Having your own boots is always a good thing. Assuming you work hard to find a pair that fit really well it should solve your foot pain troubles. Yup, they do have a break in period but if they fit well for a start then it shouldn't be painful.
One thing I have noticed when learning myself was that I tended to fight the motions of the boots and board and my feet got sore and crampy. Just relaxing your feet would maybe help, or that might just be stupid advice :laugh:
Perhaps the hire boots were too tight, or just laced up too tight even? It takes a little while before you know how to adjust your gear to suit yourself


----------



## slyder (Jan 18, 2010)

I think OP was using rentals but not sure


----------



## RicSA (Apr 15, 2011)

The boots are rentals, old, but hey beggars cant be choosers.

I also think i am fighting the boot and being tied in, new feeling, that actually makes a lot of sense, will try and get more relaxed on the next lesson.


----------



## slyder (Jan 18, 2010)

Proper fitting boots are a must and you may have been fighting the boots to try and make your feet comfortable not allowing you to concentrate on the riding, lesson and fun you would have.


----------



## RicSA (Apr 15, 2011)

Maybe a good idea than to invest in a decent pair of boots and ensure my lessons are worthwhile and enjoyable and not spoilt buy sore feet.

Thanks guys,


----------



## Sudden_Death (Mar 23, 2011)

If you can't swing a new pair of boots right away you could always try a removable insole.Most stock ones pretty much suck so just that 15-30$ can mean a world of change.


----------



## ginofultano (Feb 28, 2011)

Investing in your own boots is a very good idea, especially this time of year.
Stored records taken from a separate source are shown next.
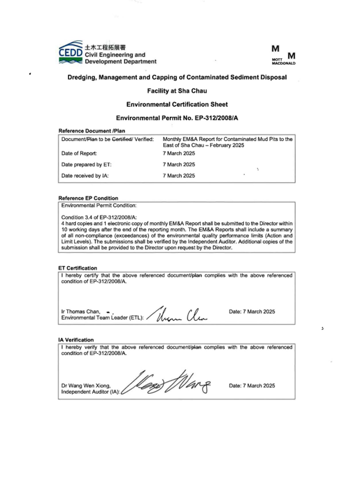 Environmental Permits (EPs) (Ref. No. EP-312/2008/A) was issued by the Environmental Protection Department (EPD) to the CEDD, the Permit Holder, on 28 November 2008 for the Project - Disposal of Contaminated Sediment – Dredging, Management and Capping of Sediment Disposal Facility at Sha Chau.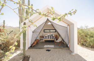 The accommodation spaces range from simple tents to glamping tents and cabanas.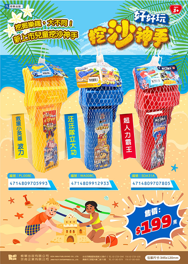 汪汪隊立大功 好好玩挖沙神手戴上神手,化身海灘搜救隊!不只是挖沙,更是汪汪隊的秘密裝備。孩子的第一條機械手臂,讓挖沙變得更有趣!編號WA008C條碼4714809912933尺寸約34.5×12×8 cm出版日2026.04.24年齡3歲以上定價199元優惠價159元數量 - + 加入購物車 返回上頁 商品說明 GOOD Products ◆戴上神手,化身海灘搜救隊!不只是挖沙,更是汪汪隊的秘密裝備。。 ▲產品特色:挖土、搬運、平整,一氣呵成!讓孩子在挖沙中體驗機械運作。 ★通過ST玩具檢驗合格,好安心。 ◆ 海灘最強戰力!三大超人氣IP,助你打造夢幻沙中帝國。 同系列商品 Similar Products 加入購物車 超人力霸王 好好玩挖沙神手 編號: SDA31A 定價 $199 優惠價 $159 加入購物車 波力 好好玩挖沙神手 編號: PL008E 定價 $199 優惠價 $159 加入購物車 迪士尼公主 摺疊桶玩沙組 編號: QH038C 定價 $260 優惠價 $208 加入購物車 汪汪隊立大功 摺疊桶玩沙組 編號: WA008B 定價 $260 優惠價 $208 加入購物車 冰雪奇緣 寶貝戲水玩沙組 編號: QH038B 定價 $260 優惠價 $208 你可能會喜歡 YOU MAY ALSO LIKE 加入購物車 汪汪隊立大功 親子拋接球 編號: WA038B 定價 $160 優惠價 $128 加入購物車 汪汪隊立大功 積木萬花筒 編號: WA033M 定價 $260 優惠價 $208 加入購物車 汪汪隊立大功 布球黏黏樂 編號: WA038H 定價 $220 優惠價 $176 加入購物車 汪汪隊立大功 晶彩泡泡棒 編號: WA031C 定價 $120 優惠價 $96 加入購物車 汪汪隊立大功 彈射接接樂 編號: WA033F 定價 $280 優惠價 $224 加入購物車 汪汪隊立大功 彈力小籃球 編號: WA038C 定價 $199 優惠價 $159 加入購物車 汪汪隊立大功 小小世界萬花筒 編號: WA033N 定價 $199 優惠價 $159 加入購物車 汪汪隊立大功 探險家望遠鏡─活力篇 編號: WA033V 定價 $189 優惠價 $151 加入購物車 迪士尼公主 摺疊桶玩沙組 編號: QH038C 定價 $260 優惠價 $208 加入購物車 汪汪隊立大功 New寶貝黏巴球 編號: WA033D 定價 $260 優惠價 $208 加入購物車 汪汪隊立大功 陪我玩羽毛球 編號: WA009K 定價 $399 優惠價 $319 加入購物車 汪汪隊立大功 光感彈彈球 (M) 編號: WA038M 定價 $139 優惠價 $111 加入購物車 超人力霸王 光感彈彈球 (K) 編號: SDA38K 定價 $139 優惠價 $111 加入購物車 超人力霸王 好好玩挖沙神手 編號: SDA31A 定價 $199 優惠價 $159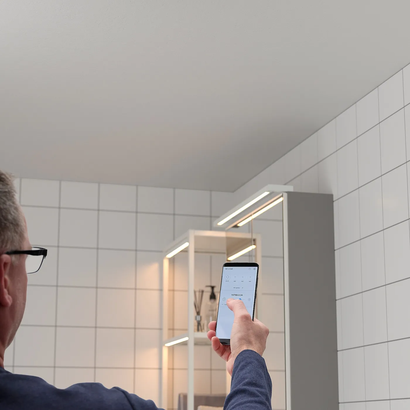 С этой светодиодной световой полосой вы получаете как рабочий свет, так и приятную атмосферу в вашей ванной ENHET — утренние и вечерние процедуры станут более спокойными, безопасными и лёгкими.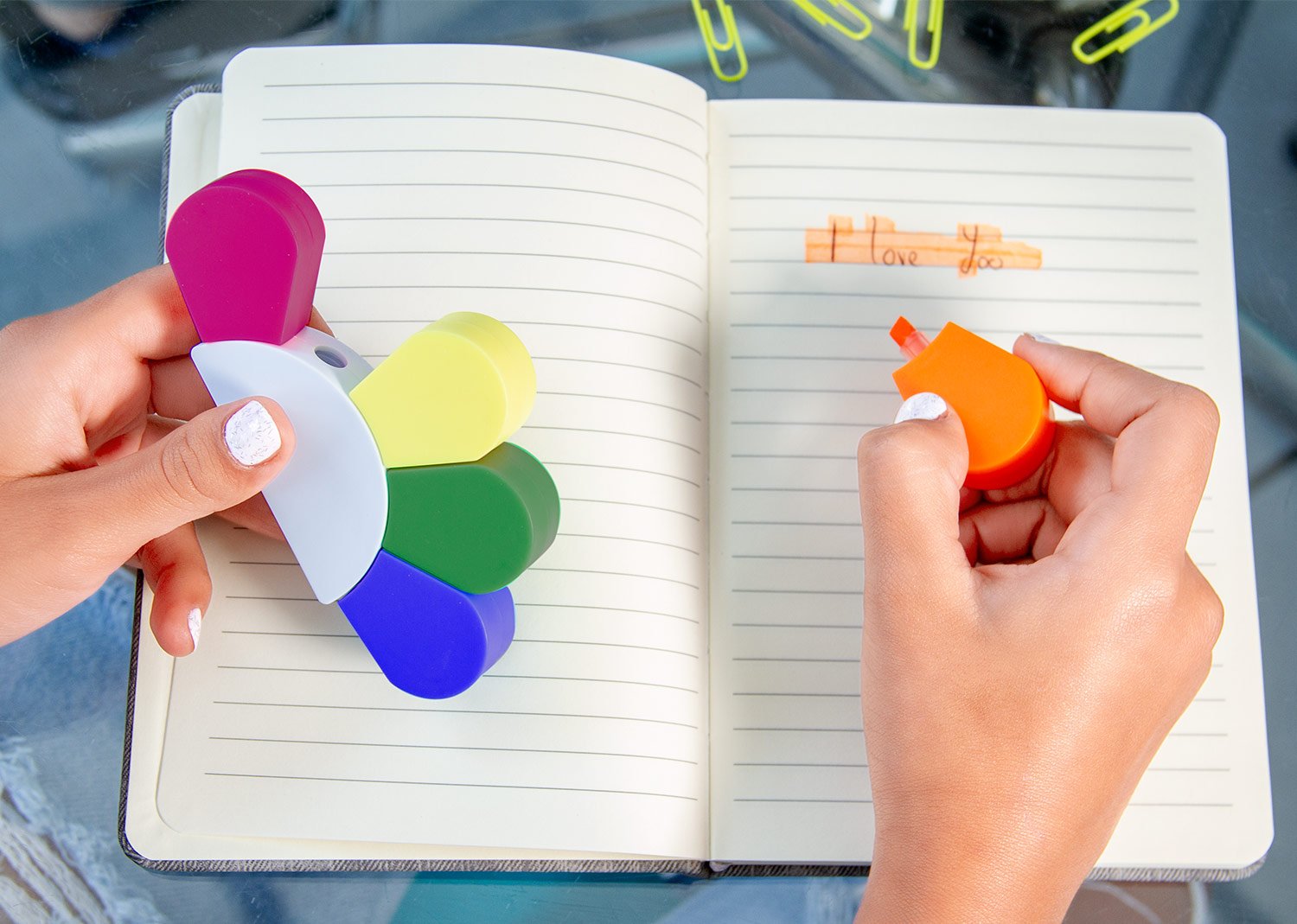 Resaltador tradicional con 5 opciones de color.

Everything should be on clearance. I had boots before I had a complete setup, because it seems like a lot of people have spare boards to borrow.


----------



## Triplany (Apr 20, 2011)

I had a similar experience after my first lesson. to be honost I went out and was going to just buy boots but with the deals they had at the time I ended up getting a board and bindings as well. (all be it not a good board) but it was WAY better than the rental stuff I had used. Way lighter and was a lot better to learn on. I would actually wear my boots around the house for a while each evening to break them in lol. If you end up still using rental boots don't be afraid to ask for a bigger size or different pair. They want to see you enjoy yourself as well to get ya coming back  Good luck!


----------



## RicSA (Apr 15, 2011)

Well went to the shop on Saturday and spent some time fitting and testing some boots.

I ended up buying the Burton Grails, the heel support is good, and the half size help for my wider but short feet, 

I wore them for about half an hour today around the house, and much better than the rentals i used during my lessons.


----------